Problem description
Starting from the line in which "Ten papier do" appears, set down each line exactly through the end of the listing, and nothing else. Leave out pictures.

The data
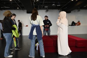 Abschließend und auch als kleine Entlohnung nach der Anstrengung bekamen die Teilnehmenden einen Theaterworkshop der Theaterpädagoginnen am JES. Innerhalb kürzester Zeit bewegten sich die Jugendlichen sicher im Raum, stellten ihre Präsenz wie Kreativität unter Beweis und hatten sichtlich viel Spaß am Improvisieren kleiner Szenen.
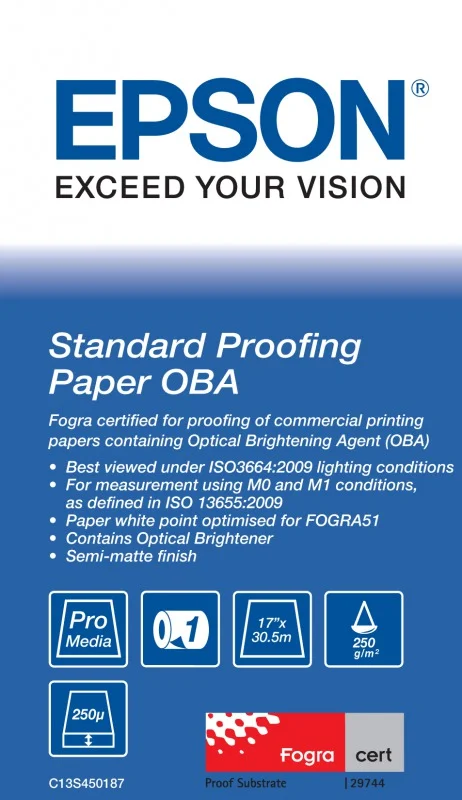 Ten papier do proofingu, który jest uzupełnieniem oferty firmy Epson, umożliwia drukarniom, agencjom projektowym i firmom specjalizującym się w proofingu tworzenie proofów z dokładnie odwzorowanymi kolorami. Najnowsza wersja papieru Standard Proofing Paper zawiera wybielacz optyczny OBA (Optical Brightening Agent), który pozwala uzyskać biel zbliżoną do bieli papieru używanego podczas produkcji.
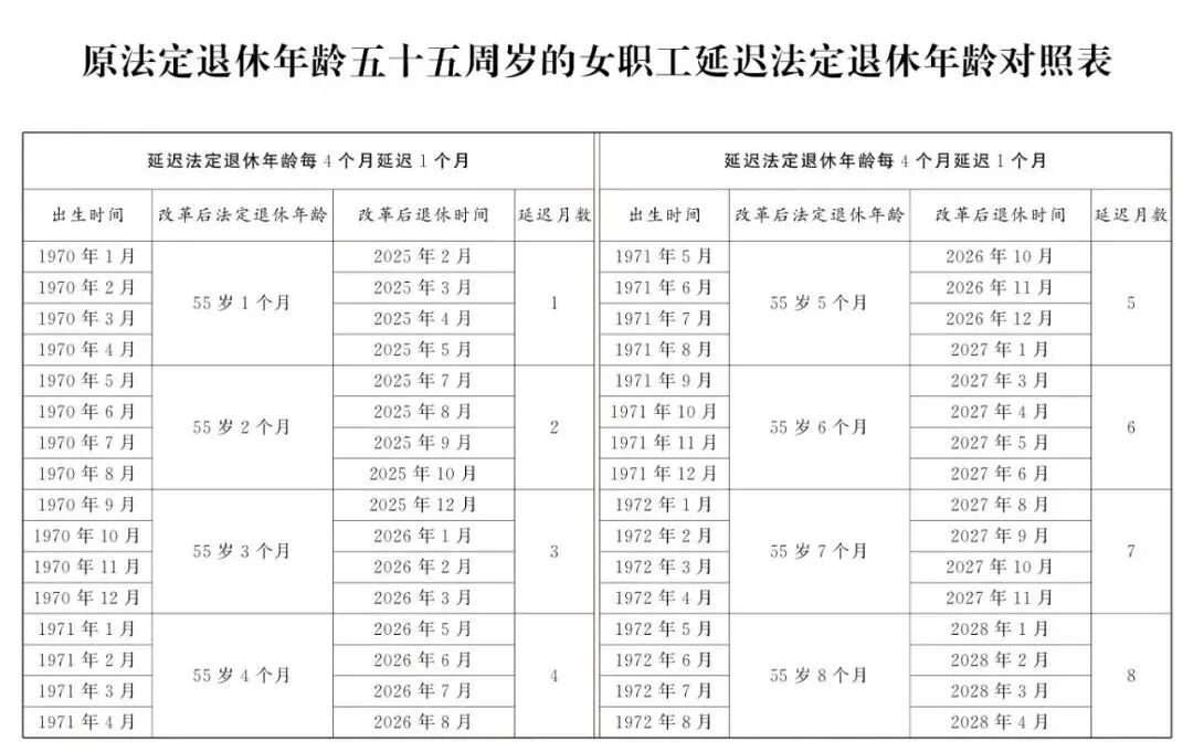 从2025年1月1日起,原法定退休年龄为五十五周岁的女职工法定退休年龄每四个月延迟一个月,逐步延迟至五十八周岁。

Response to this exercise
 Ten papier do proofingu, który jest uzupełnieniem oferty firmy Epson, umożliwia drukarniom, agencjom projektowym i firmom specjalizującym się w proofingu tworzenie proofów z dokładnie odwzorowanymi kolorami. Najnowsza wersja papieru Standard Proofing Paper zawiera wybielacz optyczny OBA (Optical Brightening Agent), który pozwala uzyskać biel zbliżoną do bieli papieru używanego podczas produkcji.
 从2025年1月1日起,原法定退休年龄为五十五周岁的女职工法定退休年龄每四个月延迟一个月,逐步延迟至五十八周岁。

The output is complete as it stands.